**Source records:**
=====
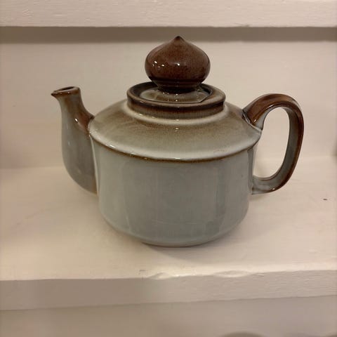Sælger endnu en skøn tekande fra Søholm i serien "Sonja". Denne kande har et særligt flot farvespil i den gråblå glasur, som gør hver del unik. Den har den klassiske mørkebrune kant og det ikoniske låg.
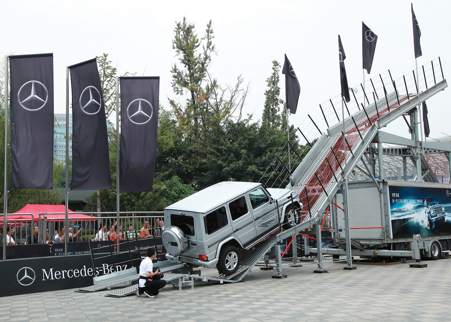 在高达6米的钢铁庞然大物上,一辆G 500此刻稳稳地屹立于巅峰之处。不管是它所在的高度,亦或是此时的车身姿态,都令人在捏着一把冷汗之余,不禁疑惑:它是怎样做到的?同时派生出来的另一个问题是:这是否是一种静态展示?擦亮眼!这是梅赛德斯-奔驰G级越野车在用真本领向世人再一次展现其依旧称霸地球的“硬汉高度”。
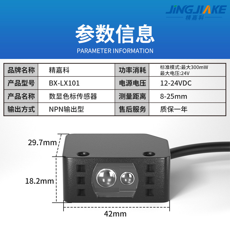 📚 精嘉科LX-101色标光电开关颜色传感器智能标签纠偏分色定位感应器
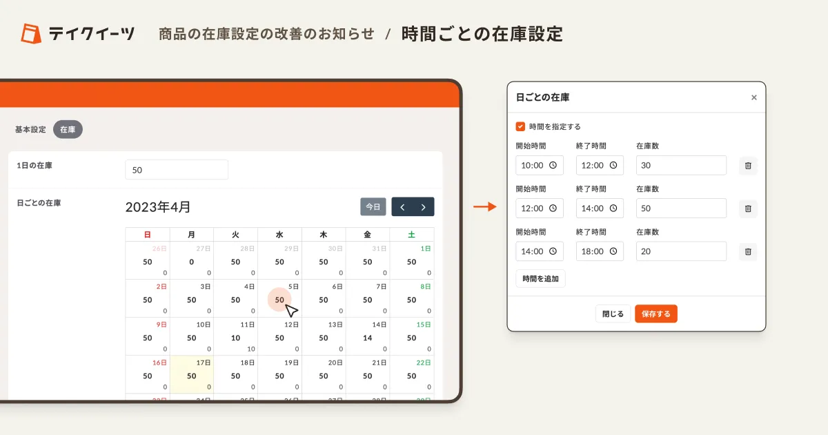 これまで「日ごとの在庫」ではその日を通しての在庫数を設定できましたが、これからは時間ごとの在庫数を設定できるようになります。
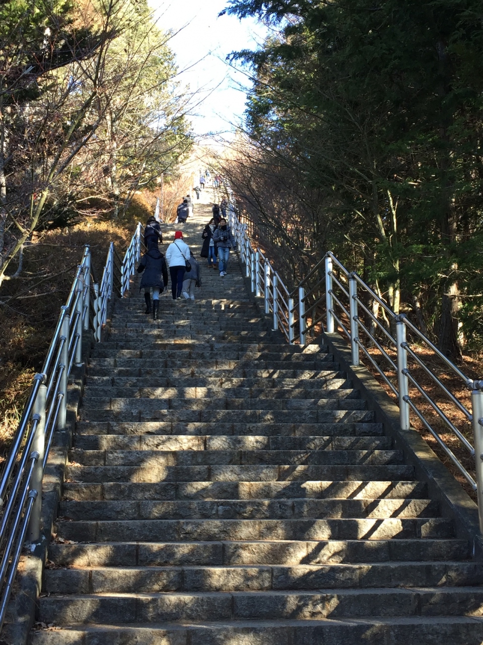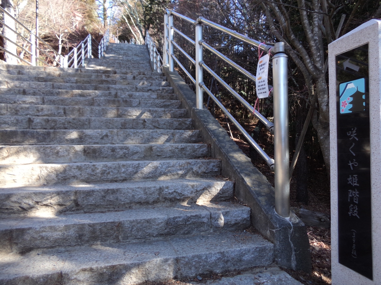 外国人観光客が増えた事で色々と整備されたのか、JR下吉田駅からはキレイに舗装された歩道を案内に沿って歩いて行けば良いだけなので迷う事はありません。 新倉山浅間公園(神社)の入口までは徒歩10分かかるかかからないかです。 そこからこの景色を見れる場所までは400段の階段を上る必要があります。 一応階段の横に車道(急な坂道)もあるのですが私が行った年末は凍結の恐れありということで、公園内の車道自体が閉鎖されていました。 車で行く場合には、入り口近くに駐車場があるので安心です(階段400段はどちらにしても歩きます)。
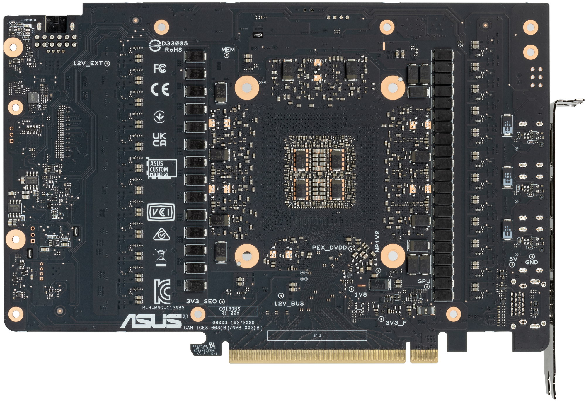 Питание на карту Asus подается через новый 16-контактный разъем питания стандарта PCIe 5.0 (12VHPWR).
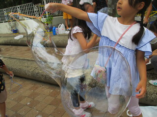 ハンガーでのシャボン玉づくりは難しく、苦戦している子が多かったですが、「ハンガーを平らにするといいよ!」「ゆっくり動かすと大きなシャボン玉になるよ。」と、発見したことを共有しながら遊ぶことができました。
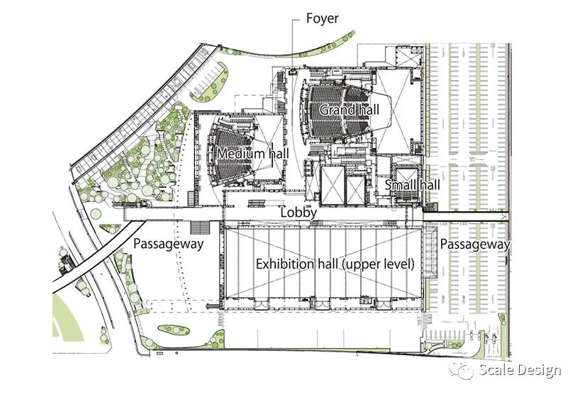沿着公园的有盖人行道从车站延伸到中心,提供防雨保护。与姬路相关的花草树木排列在人行道上,长椅和水景让游客在前往中心二楼大厅的路上欣赏季节性风景。大厅由东向西延伸,可直接通往小、中、大礼堂,以及通往相邻县立医院的通道。天窗在大堂的大砖墙上投下微妙的阴影。大堂透过窗户俯瞰展厅和工作室,可以瞥见下面正在进行的当地活动。
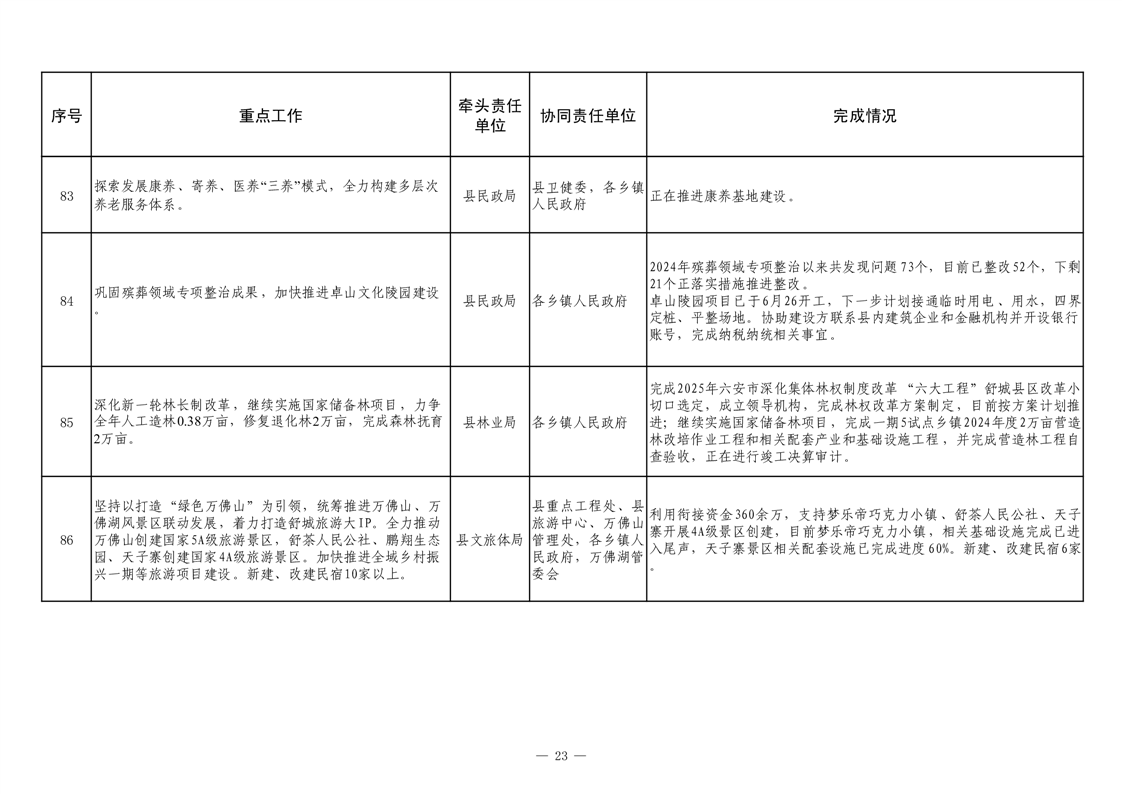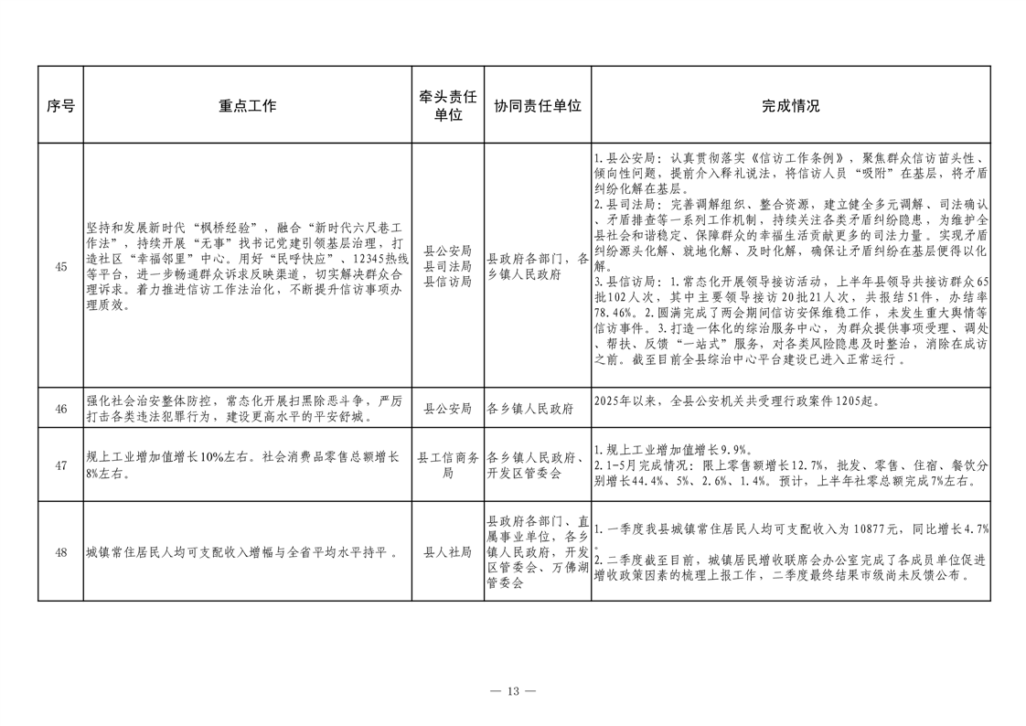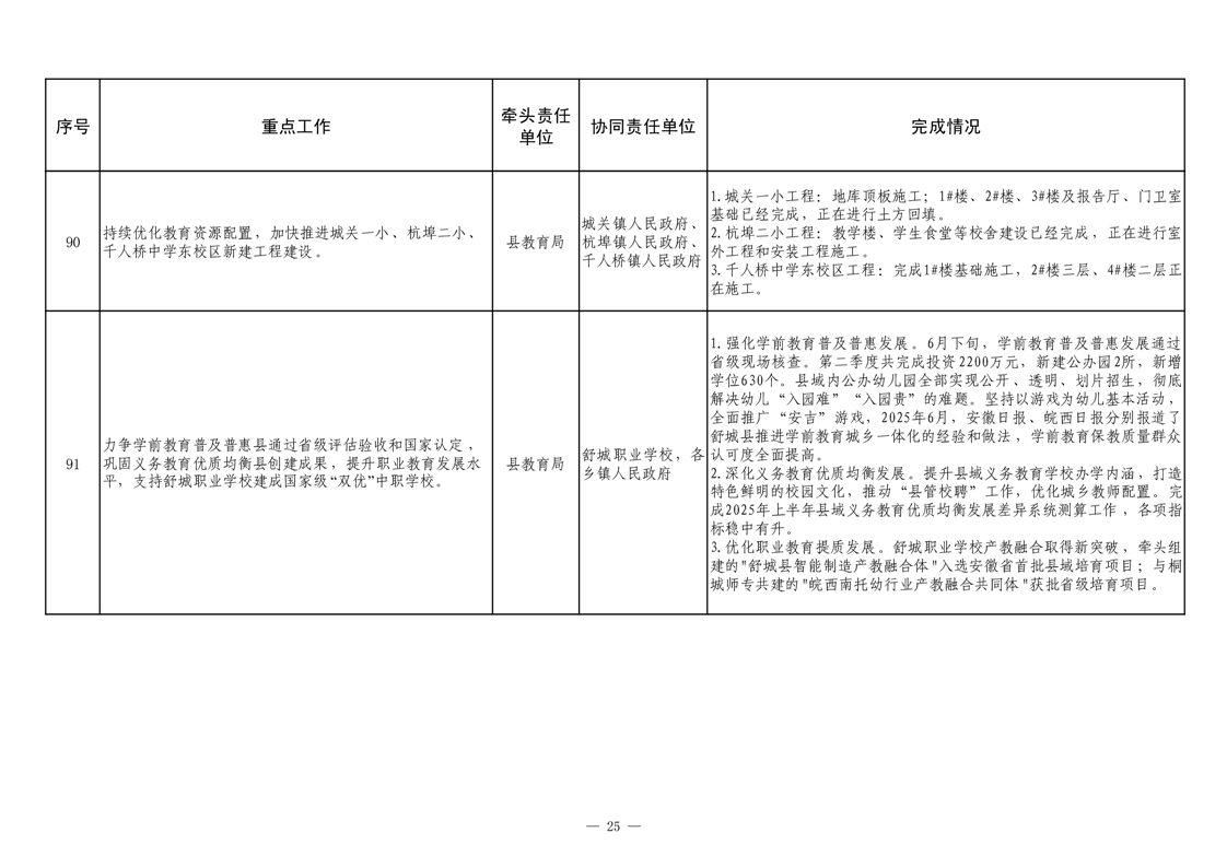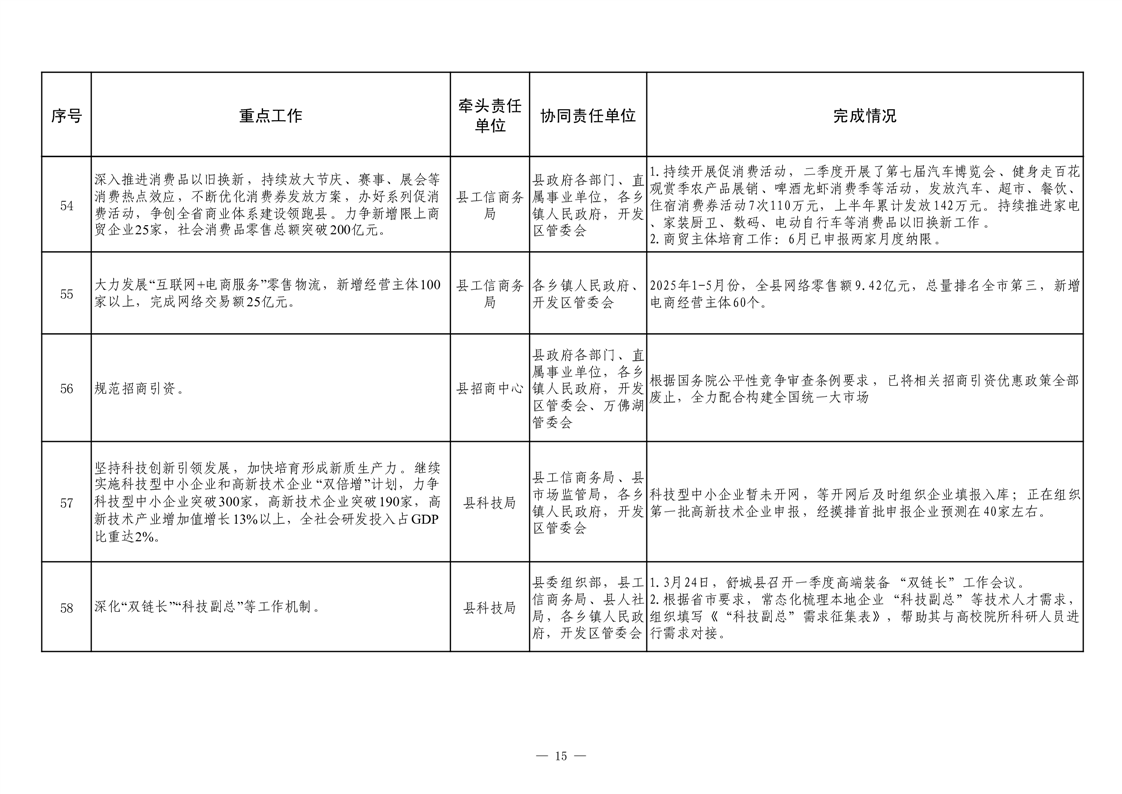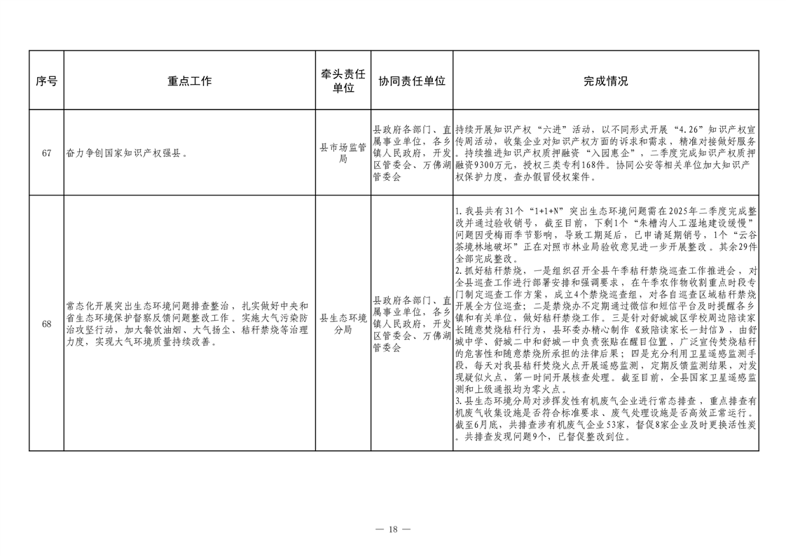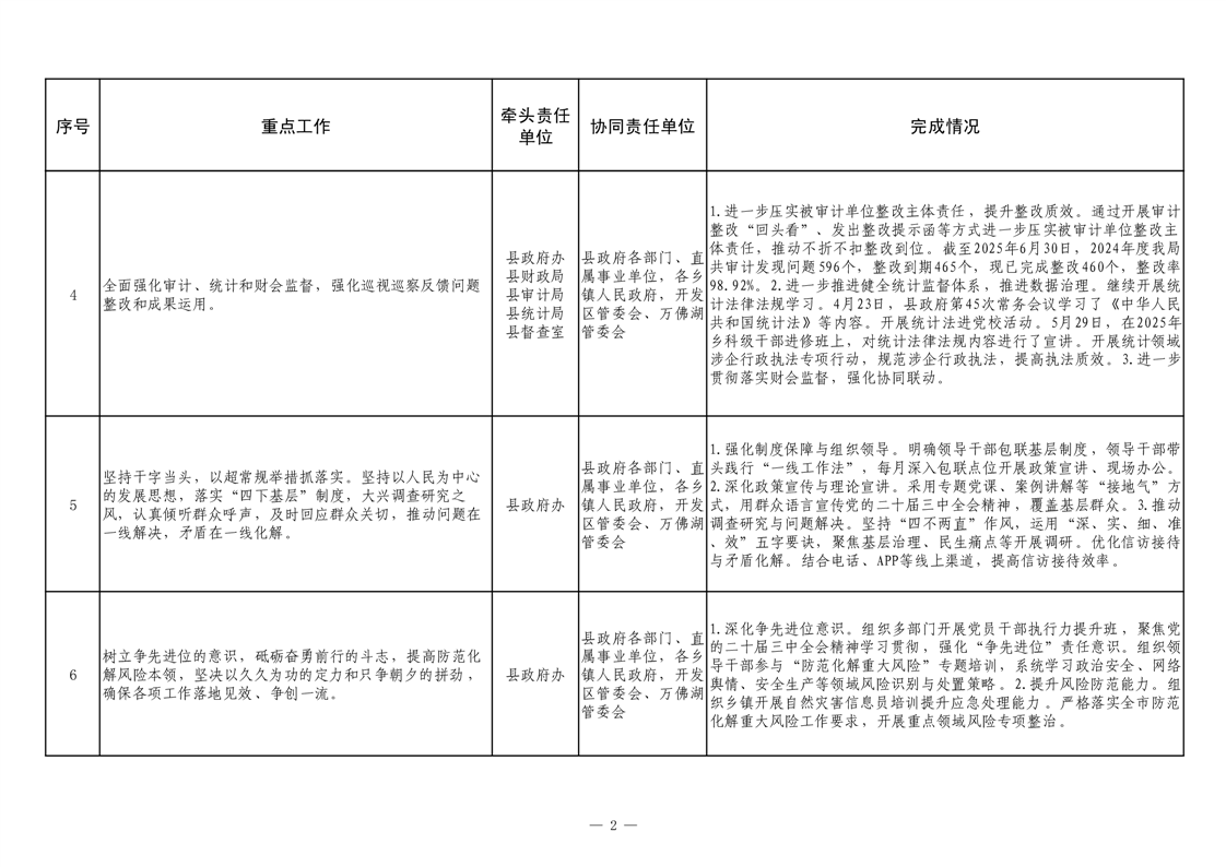 【重大决策部署贯彻落实情况】2025年县政府重点工作及责任清单二季度推进情况
=====
**Task:** The answer must be an exact transcription of the lines from the one holding "沿着公园的有盖人行道从车站延" to the last line of the entries above, with no pictures and nothing else.

**Output of the exercise:**
沿着公园的有盖人行道从车站延伸到中心,提供防雨保护。与姬路相关的花草树木排列在人行道上,长椅和水景让游客在前往中心二楼大厅的路上欣赏季节性风景。大厅由东向西延伸,可直接通往小、中、大礼堂,以及通往相邻县立医院的通道。天窗在大堂的大砖墙上投下微妙的阴影。大堂透过窗户俯瞰展厅和工作室,可以瞥见下面正在进行的当地活动。
 【重大决策部署贯彻落实情况】2025年县政府重点工作及责任清单二季度推进情况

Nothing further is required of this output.